▸ Instructions for the task
In the data below, find the line containing "High-waisted riding pants" and the line containing "This is an authentic", then reproduce them and every line between, exactly. Omit pictures.

▸ Records shown
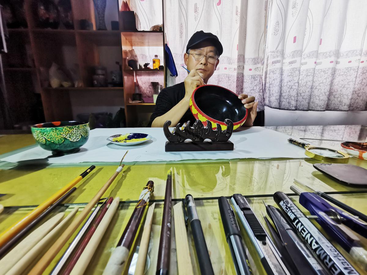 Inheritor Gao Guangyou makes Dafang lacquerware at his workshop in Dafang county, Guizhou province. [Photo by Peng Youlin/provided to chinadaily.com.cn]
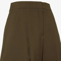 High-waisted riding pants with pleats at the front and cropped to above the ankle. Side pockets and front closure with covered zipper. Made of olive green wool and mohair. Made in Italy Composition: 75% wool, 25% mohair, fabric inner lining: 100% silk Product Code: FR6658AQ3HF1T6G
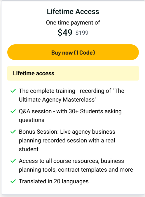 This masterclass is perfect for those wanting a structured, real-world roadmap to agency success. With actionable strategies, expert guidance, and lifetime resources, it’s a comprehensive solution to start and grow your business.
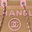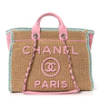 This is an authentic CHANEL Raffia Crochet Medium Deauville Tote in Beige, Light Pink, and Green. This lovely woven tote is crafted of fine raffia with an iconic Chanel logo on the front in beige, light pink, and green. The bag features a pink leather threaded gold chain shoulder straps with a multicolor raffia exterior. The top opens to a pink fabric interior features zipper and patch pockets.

--

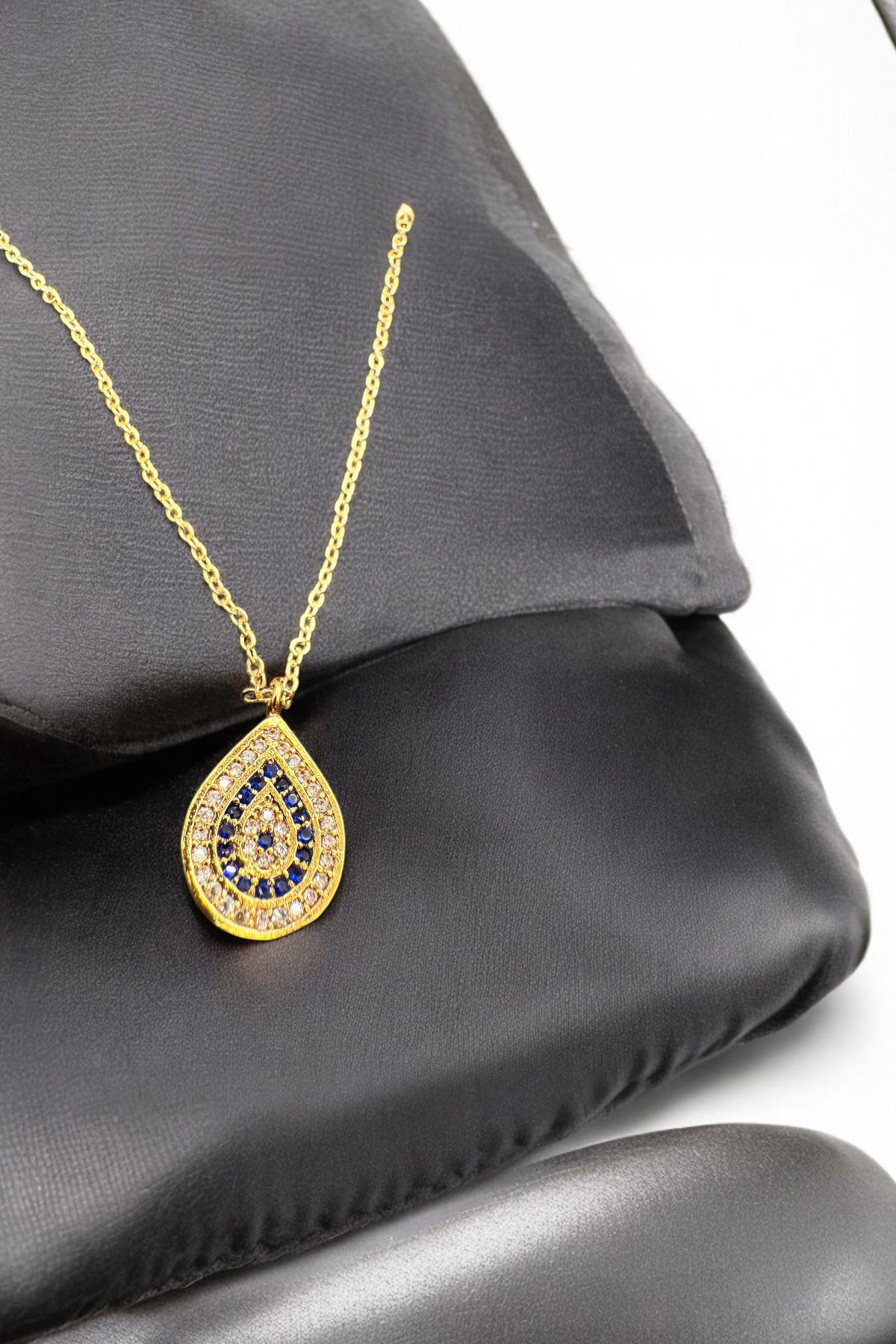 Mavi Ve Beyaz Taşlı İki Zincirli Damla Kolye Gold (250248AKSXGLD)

▸ Result of the exercise
 High-waisted riding pants with pleats at the front and cropped to above the ankle. Side pockets and front closure with covered zipper. Made of olive green wool and mohair. Made in Italy Composition: 75% wool, 25% mohair, fabric inner lining: 100% silk Product Code: FR6658AQ3HF1T6G
 This masterclass is perfect for those wanting a structured, real-world roadmap to agency success. With actionable strategies, expert guidance, and lifetime resources, it’s a comprehensive solution to start and grow your business.
 This is an authentic CHANEL Raffia Crochet Medium Deauville Tote in Beige, Light Pink, and Green. This lovely woven tote is crafted of fine raffia with an iconic Chanel logo on the front in beige, light pink, and green. The bag features a pink leather threaded gold chain shoulder straps with a multicolor raffia exterior. The top opens to a pink fabric interior features zipper and patch pockets.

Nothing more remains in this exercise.